German chamomile is an annual which can self-sow profusely. Also known as wild chamomile, Hungarian chamomile, pineapple weed, and scented mayweed. 


The use of chamomile dates back thousands of years to the ancient Egyptians, Romans, and Greeks. It is native to Europe, north Africa, and some parts of Asia.


German chamomile is best used for pain, inflammation, swelling, redness, itching, rheumatism, arthritis, as it is rich in sesquiterpenes, widely known for pain relief and anti-inflammatory properties.

Roman chamomile is best used for calming as a sedative, for muscle spasms or tight muscles, or digestion, as it is rich in esters researched as being calming to the central nervous system and relaxing to muscles. 

The two chamomile plants are in the same family and have similar flowers and leaves but are used in very different ways. Both are used medicinally, are listed as safe herbs, are naturally antiseptic, insect repellents, and are anti-spasmodic, anti-inflammatory, anti-fungal, and anti-bacterial.

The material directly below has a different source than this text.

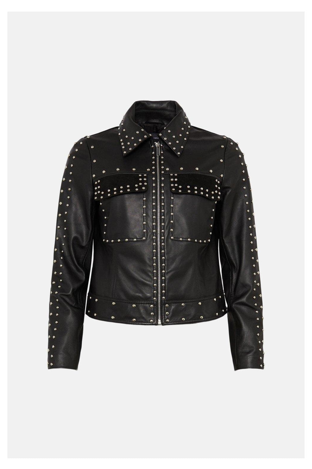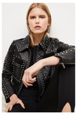 This black leather jacket features extensive silver stud embellishments across the collar, shoulders, sleeves, and front pockets, giving it a bold, edgy look. It has a classic collar and a zipper - up front. Paired with a black top and black pants, along with statement earrings, the outfit is sleek and suitable for creating a striking, fashion - forward appearance, ideal for nights out or events where a stylish, punk - inspired look is desired.

Interestingly enough, both deter garden pests while attracting pollinators, making them excellent companion plants in the garden.

Companion planting

Use chamomile in companion planting to take advantage of its natural anti-bacterial and anti-fungal properties can help plants resist fungus, mildew, mold, blight and other common plant issues. Chamomile improves the growth and flavor of many of our garden vegetables like cabbage, onions, beans, cucumbers, broccoli, kale, brussels sprouts, cauliflower, kohlrabi, tomatoes, and potatoes. Flowers also benefit, such as bee balm, phlox, roses, lilacs, zinnias, petunias, and snapdragons.

Beneficial insects and friendly pollinators are attracted to chamomile while helping to rid your garden of pests and improve pollination. Poor soil is no problem for chamomile, so plant it generously in, around, and near your garden.

Growing Tip

Roman Chamomile is a perennial. German Chamomile is an annual.